You can solve this using the definition of the derivative: Take $L = \lim_{x\to_1}\frac{\arcsin x - \arcsin 1}{x-1} = \lim_{x\to1}\frac{\arcsin x - \frac{\pi}{2}}{x-1}$. Now let $x = \sin u$ (observe that $u\to\frac{\pi}{2}$), then you get $L = \lim_{u\to\frac{\pi}{2}}\frac{u- \frac{\pi}{2}}{\sin u-1}$. Using l'Hôpital's rule, we get $L = \lim_{u\to\frac{\pi}{2}}\frac{1}{\cos u} = \frac{1}{0} = \infty$. So the derivative is not defined in $x=1$.

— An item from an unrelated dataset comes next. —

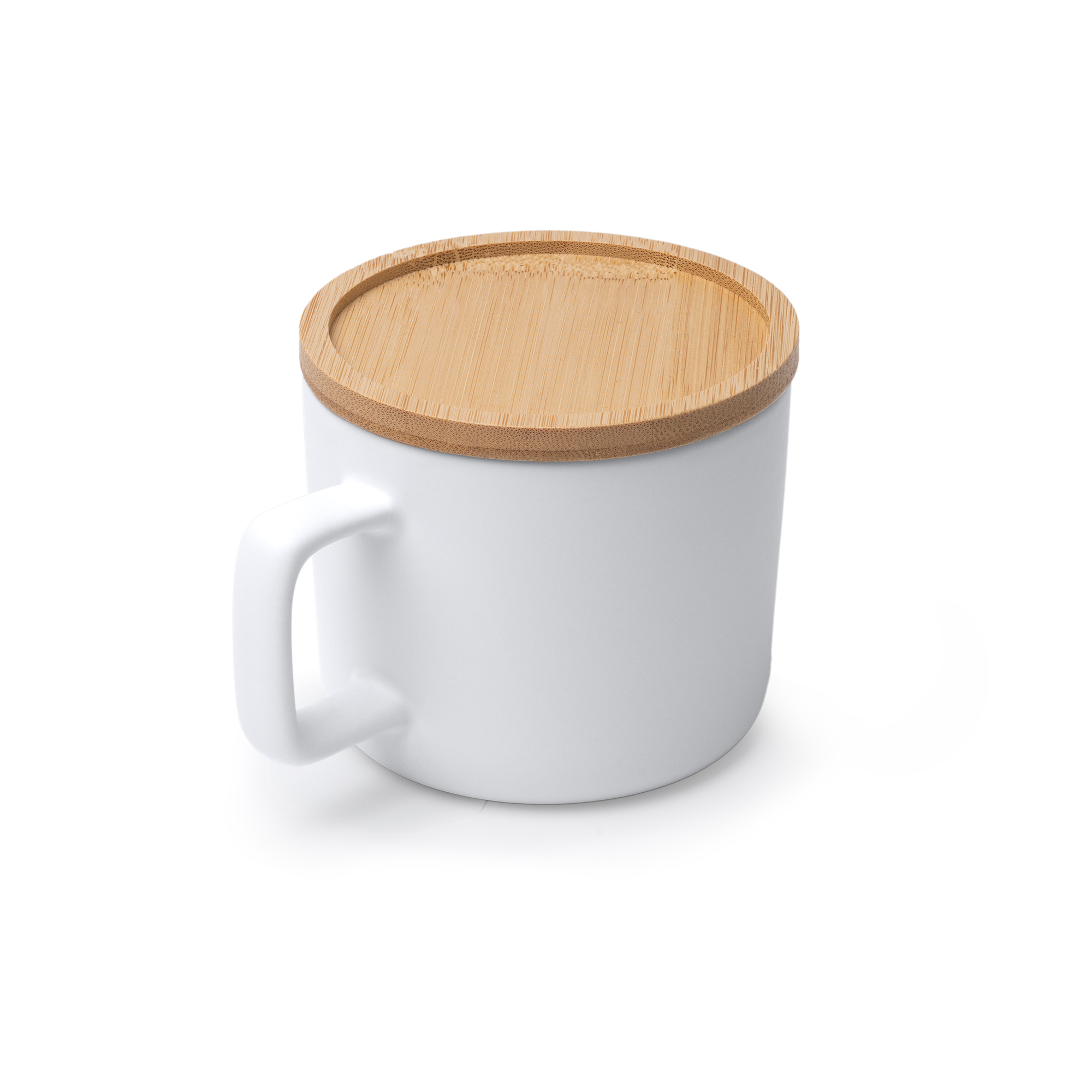 Cană ceramică exterioară cu finisaj mat, cu mâner pătrat. Are o capacitate de 350 ml și un capac din bambus care funcționează și ca suport pentru pahare, adăugând o versatilitate suplimentară. Interiorul său are un finisaj lucios pentru o rezistență și durabilitate sporite. Design special pentru sublimare.

Note: This is the limit for $x\to1$ with $x<1$, because $\arcsin$ is not defined for $x>1$.

Answer 2

As you can see, $1/(\sqrt{1-x^2})$ is not defined on $x=1$

The expression $1/(\sqrt{1-x^2})$ is the derivative of $\arcsin(x)$ for those regions where the function is derivable. Since it has a discontinuity on $x = \pm 1$, it is not derivable there. The domain of this function is $(-1,1)$.

Answer 3

Let's see it geometrically. As you know $sin^{-1}x$ is only defined in [-1,1], so $(-1,-\pi/2)$ and $(1,\pi/2)$ are the two end points of the graph. So, you see we cannot talk about tangent to the end points of a curve. We cannot draw any unique line which touches the curve of arcsinx at the end points, and hence the slope of the curve is not defined there. I think that maybe the left hand derivative os defined there. The left hand derivative should be zero there (I think) but it doesn't make sense to talk about approaching the curve from right because the curve doesn't exist to the right of x=1.